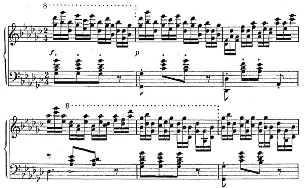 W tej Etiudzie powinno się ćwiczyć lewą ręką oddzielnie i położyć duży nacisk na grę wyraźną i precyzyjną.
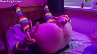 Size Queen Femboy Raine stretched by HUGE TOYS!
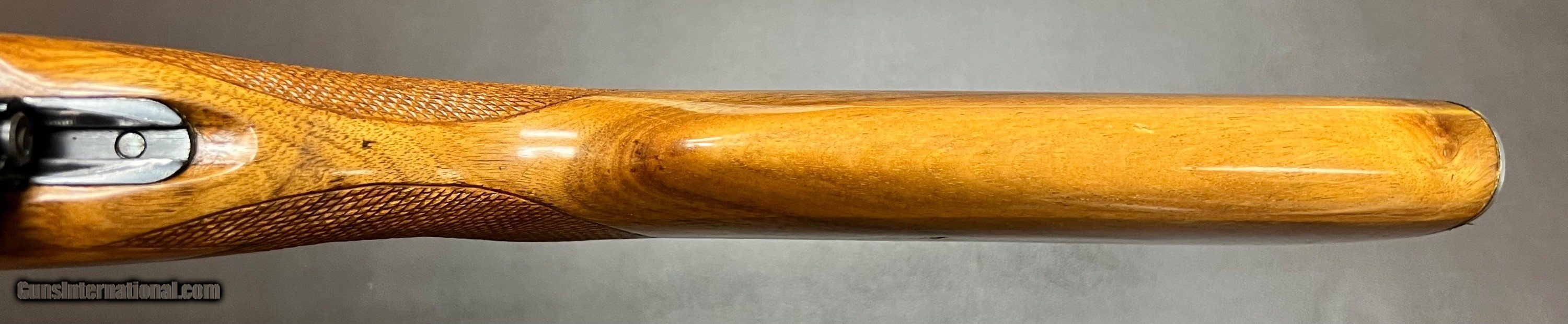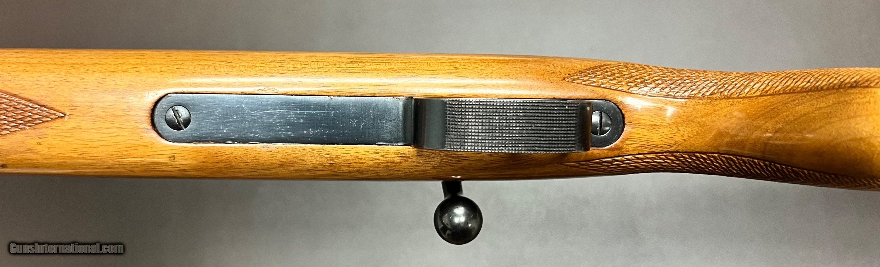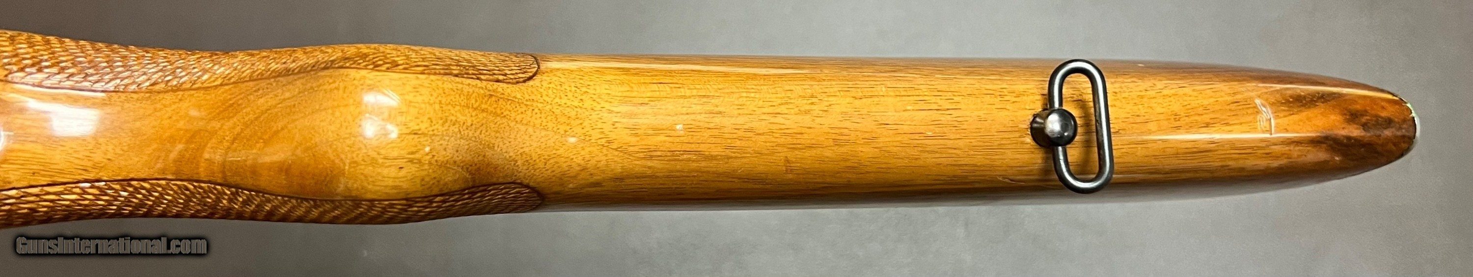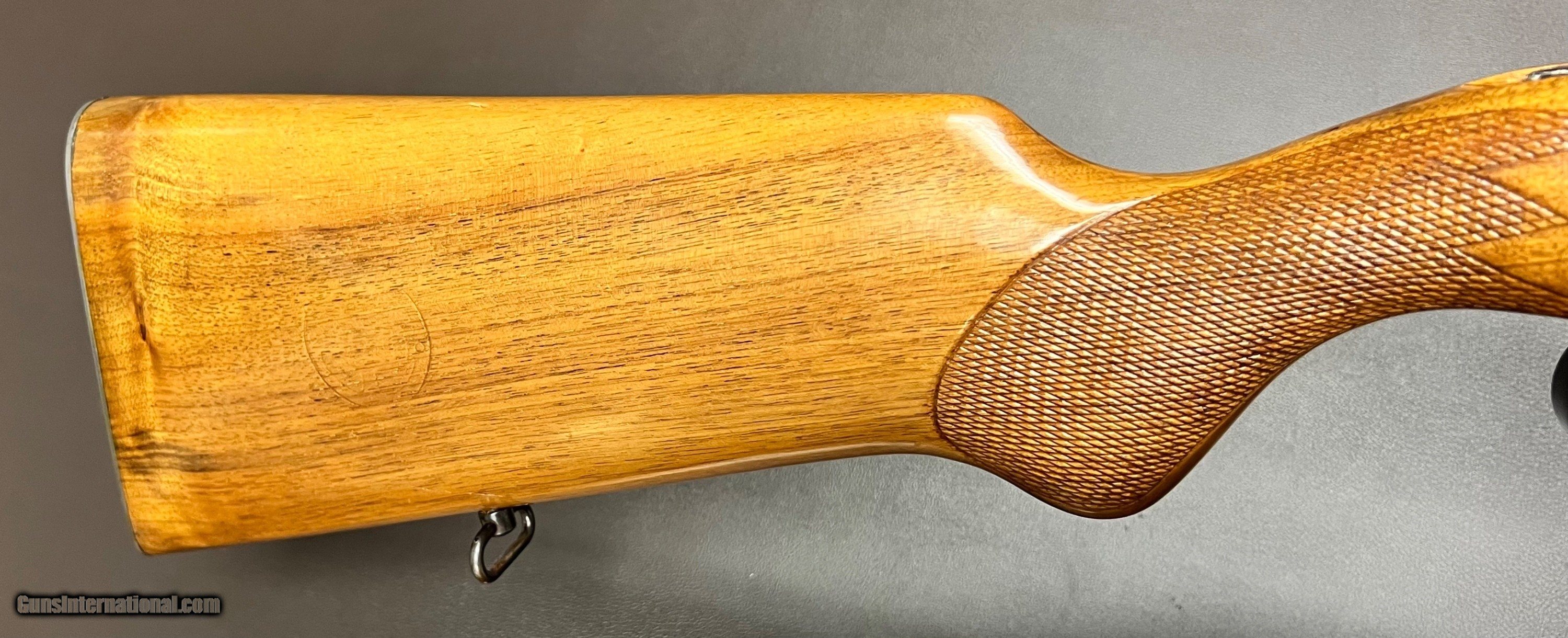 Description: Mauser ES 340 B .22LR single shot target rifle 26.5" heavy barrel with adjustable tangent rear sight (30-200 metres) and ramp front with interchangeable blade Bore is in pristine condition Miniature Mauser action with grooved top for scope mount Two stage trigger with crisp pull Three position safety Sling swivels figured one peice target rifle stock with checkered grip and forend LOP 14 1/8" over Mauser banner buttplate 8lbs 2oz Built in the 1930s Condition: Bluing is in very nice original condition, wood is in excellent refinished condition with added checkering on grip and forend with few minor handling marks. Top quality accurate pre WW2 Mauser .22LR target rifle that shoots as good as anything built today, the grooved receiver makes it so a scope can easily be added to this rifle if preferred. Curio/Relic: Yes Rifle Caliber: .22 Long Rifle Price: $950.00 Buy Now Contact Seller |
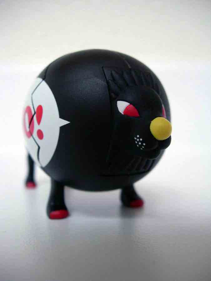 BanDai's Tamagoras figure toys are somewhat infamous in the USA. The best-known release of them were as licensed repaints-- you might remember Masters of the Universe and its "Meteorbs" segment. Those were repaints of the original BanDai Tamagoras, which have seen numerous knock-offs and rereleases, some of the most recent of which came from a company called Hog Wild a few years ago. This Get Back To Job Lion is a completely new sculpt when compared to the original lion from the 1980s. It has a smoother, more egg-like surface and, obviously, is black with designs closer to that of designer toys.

━━━

◆ Task description
May I have only the lines from the start of the data through the line containing "Size Queen Femboy", both included, reproduced exactly and without the pictures?

◆ Task output
 W tej Etiudzie powinno się ćwiczyć lewą ręką oddzielnie i położyć duży nacisk na grę wyraźną i precyzyjną.
 Size Queen Femboy Raine stretched by HUGE TOYS!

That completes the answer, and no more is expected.